A little more and the fund will be collected, the child will be buried, the
funeral parlour will make a profit, the passers-by will perform one of the many
mitzvot,¹⁷⁷ the shop owner will start to trade, and life will go on on Miła Street.


ARG I 581 (I/277)
Description: original, drawings (quill – India ink, charcoal, pastel):
(1) 200x158 mm; (2) 163x189 mm; (3) 178x255 mm; (4) 183x156 mm;
(5) 178x209 mm; 5 sheets, 5 pages; commentaries: handwritten, ink, Polish,
210x297 mm, 5 sheets, 7 pages. Attached is a note by Hersh Wasser in Yiddish:
“Drawings by the painter Rozenfeld”.



Probably January 1942, Warsaw ghetto.
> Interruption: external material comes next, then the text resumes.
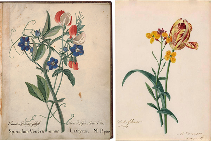Left: Mary Parker, Countess of Macclesfield (ca. 1761–1823), Venus’s Looking-Glass and Painted Lady Sweet Pea, undated, watercolor on parchment, 9 1/2 x 8 3/4 in. The Huntington Library, Art Museum, and Botanical Gardens. Right: Matilda Conyers (ca. 1698–1793), Wallflower and Tulip, 1767, watercolor and opaque watercolor over traces of graphite with brown ink (est. iron gall) inscriptions on vellum, 9 x 6 1/4 in. The Huntington Library, Art Museum, and Botanical Gardens. Earlier this year, The Huntington acquired two albums of watercolor botanical drawings by Mary Parker, Countess of Macclesfield (ca. 1761–1823), and her daughter Lady Elizabeth Parker Fane (1751–1829), both students of Ehret. The illustrations, including this depiction of local flora, masterfully blend their artistic skill and deep botanical knowledge, marked by the unmistakable influence of their instructor. Matilda Conyers’ drawing of a wallflower and a tulip, featured in the exhibition “100 Great British Drawings,” shows the influence of Ehret, who may have been her instructor. An album with drawings by Conyers and her niece Henrietta Conyers also includes works by Ehret.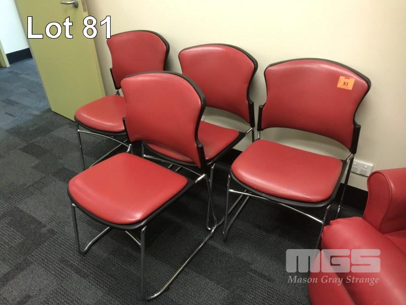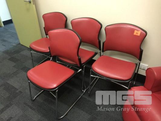 SET OF 4 RED VINYL UPHOLSTERED VISITORS CHAIRS WITH INTERLOCKING FITTINGS TO BASE

Outline for the subject “Dzieci
ulicy” [“Street Children”] with guidelines for interviews, developed in
preparation for Oyneg Shabes’s planned research project “Two and a half
years of the war”.


[1] Street Children


The war has brought many issues into the present day’s every-day life, which
had either already existed in pre-war times to some extent, but have now



177 (Hebrew, sing. mitzvah) a commandment of the Jewish law; also often: a good/worthy deed.